[Items from a data source]
══════════════════════════════

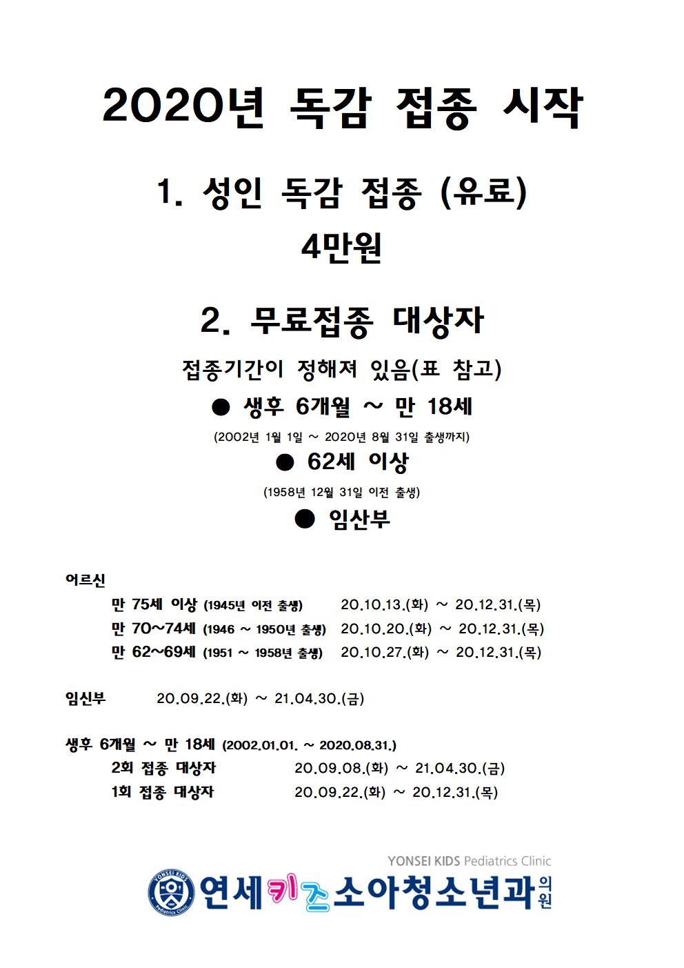 올해부터는 독감4가접종이 무료가 되었고 대상도 넓어졌습니다.
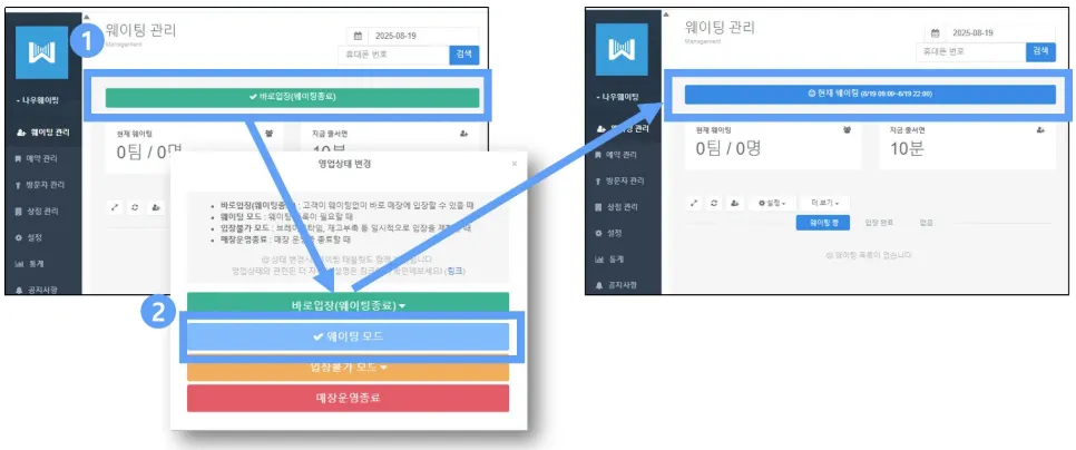 영업 시작 시간이 되면 기본적으로 [바로입장] 모드로 시작됩니다. 웨이팅 여부는 매장 상황에 따라 다르기 때문에 영업 상태는 수동으로 관리해 주셔야 합니다.
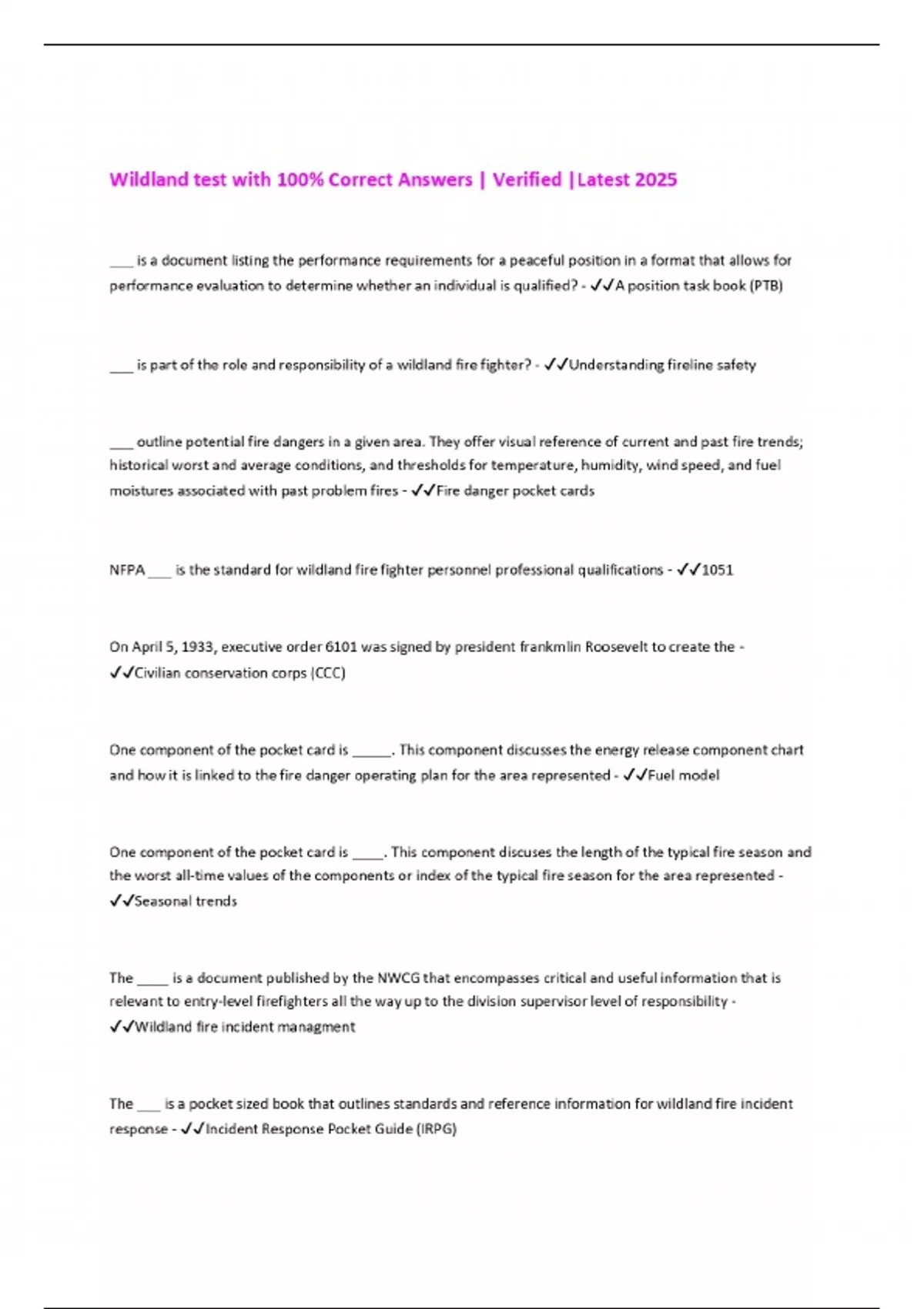 Wildland test with 100% Correct Answers | Verified |Latest 2025
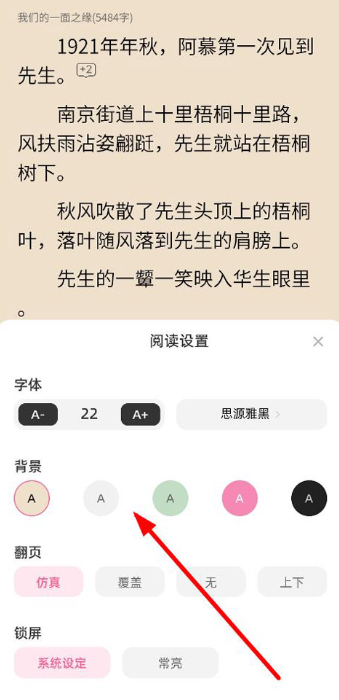 3、在弹出的阅读设置界面中,可以根据个人偏好调整字体大小、字体类型、背景颜色、翻页方式以及屏幕常亮等功能选项。
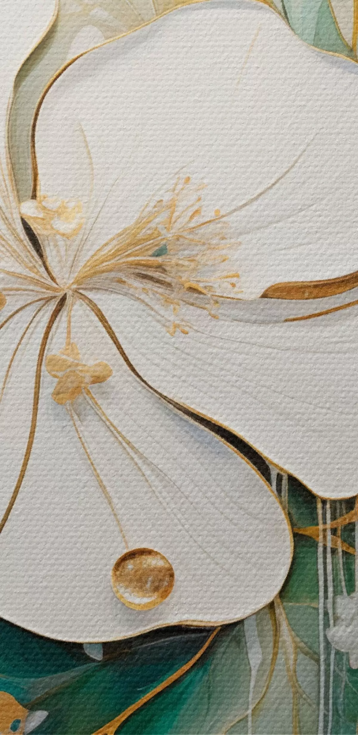 Картина Біла квітка з жовто-помаранчевими деталями та зеленим листям s45815
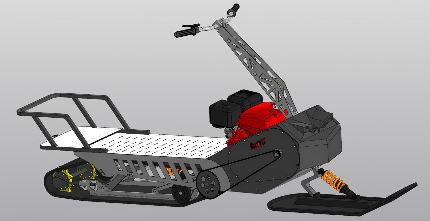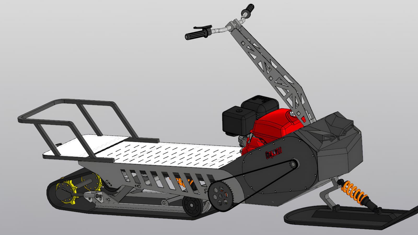 Специалисты разработали уникальную двухрычажную склизовую систему подвески для повышения проходимости и маневренности. В разработке также применят модульную конструкцию. Она позволит перевозить могоснегокат в автомобиле. За счет быстроразъемных соединений транспортное средство можно будет собрать за 10-15 минут.
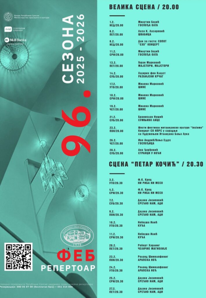 19.01.2026. | 16:23Tokom februara ljubitelje pozorišne umjetnosti u Narodnom pozorištu Republike Srpske (NP RS) očekuje bogat repertoar.

══════════════════════════════

Would you transcribe all of the entries above exactly, minus the images?

* **RESULT**
 올해부터는 독감4가접종이 무료가 되었고 대상도 넓어졌습니다.
 영업 시작 시간이 되면 기본적으로 [바로입장] 모드로 시작됩니다. 웨이팅 여부는 매장 상황에 따라 다르기 때문에 영업 상태는 수동으로 관리해 주셔야 합니다.
 Wildland test with 100% Correct Answers | Verified |Latest 2025
 3、在弹出的阅读设置界面中,可以根据个人偏好调整字体大小、字体类型、背景颜色、翻页方式以及屏幕常亮等功能选项。
 Картина Біла квітка з жовто-помаранчевими деталями та зеленим листям s45815
 Специалисты разработали уникальную двухрычажную склизовую систему подвески для повышения проходимости и маневренности. В разработке также применят модульную конструкцию. Она позволит перевозить могоснегокат в автомобиле. За счет быстроразъемных соединений транспортное средство можно будет собрать за 10-15 минут.
 19.01.2026. | 16:23Tokom februara ljubitelje pozorišne umjetnosti u Narodnom pozorištu Republike Srpske (NP RS) očekuje bogat repertoar.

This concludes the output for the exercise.